Full MS data of multiplexed experiments were acquired in a range of 375-1,200 m/z with a maximum AGC target of 3e6 and automatic inject time at 120,000 resolution. Top 10 multiply charged precursors (2-5) over a minimum intensity of 5e3 were isolated using a 2 Th isolation window. MS/MS scans were acquired at a resolution of 60,000 at a fixed first mass of 110 m/z with a maximum AGC target of 1e5 or injection time of 118 ms.

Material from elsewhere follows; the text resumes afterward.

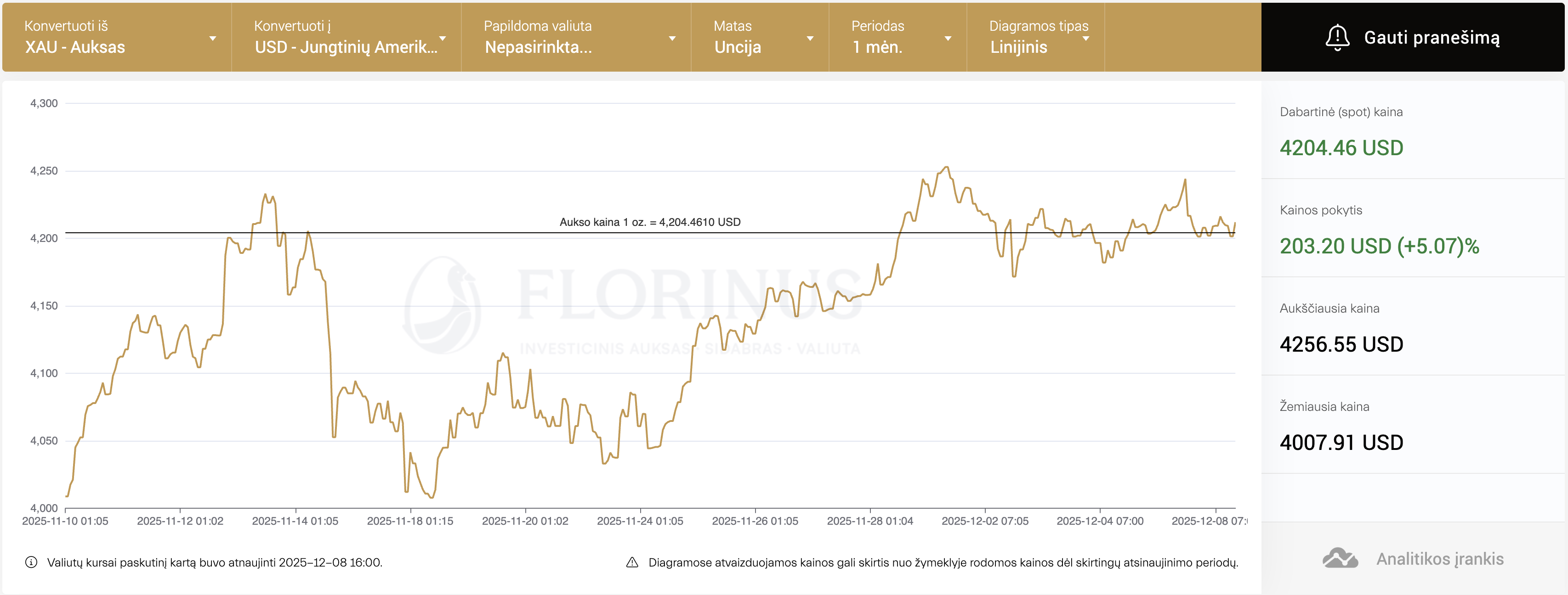 Žemiau pateikiami 1 mėnesio laikotarpio aukso ir sidabro grafikai ir kainos pakyčiai.

Previously isolated precursors were subsequently excluded from fragmentation with a dynamic exclusion of 120 seconds. TMT10-plex precursors were fragmented at a normalized collision energy (NCE) of 34 and TMTpro at a NCE of 32.
Data analysis
Peptide identification was performed using the standard parameters in Spectromine™ 2.0 against the human reference proteome sequence database (UniProt; version: 2020-10-12). N-terminal protein acetylation and oxidation at methionine were set as variable modifications and the respective TMT reagents were selected as fixed modification. Peptide spectrum match (PSM), peptide and protein groups were filtered with a false discovery rate (FDR) of 1%. S/N levels of reporter ions were extracted using the in-house developed Hyperplex (freely available: pd-nodes.org) at 10 ppm and intersected with the Spectromine™ results. Post-processing was performed in the R environment if not indicated otherwise. For quantification PSMs were summed to peptides and protein groups. Single cell reporter ion intensities are normalized to their sample loading within each analytical run. For HeLa versus HEK clustering, the raw reporter ion intensities were log2 transformed, protein groups with less than 70% missing data across the entire dataset were imputed with random values from a normal distribution shifted into the noise. The reporter ion intensities were then quantile normalized, batch corrected using ComBat for the analytical run and the TMT channel using the Perseus interface.11 Venn Diagrams are based on unique peptide sequences and are calculated using BioVenn.12 GRAVY scores were calculated for every unique peptide sequence identified from the respective condition, based on the Amino Acid Hydropathy Scores.13
Data availability
All mass spectrometry-based proteomics data have been deposited to the ProteomeXchange Consortium via the PRIDE partner repository with the dataset identifier [PXD025387].
Author contributions
D.H. and C.C. prepared and acquired samples. A.S. conceptualized and designed the proteoCHIP. C.C. performed data analysis and wrote the manuscript. G.T., S.M. and K.M. supervised the research.
Conflict of interest
A.S. and G.T. are employees of Cellenion.
Acknowledgements
We thank all members of our laboratories for helpful discussions. We specifically thank Elisabeth Roitinger for critical input on the manuscript. This work has been supported by EPIC-XS, project number 823839, funded by the horizon 2020 program of the European Union and the Austrian Science Fund by ERA-CAPS I 3686-B25-MEIOREC international project.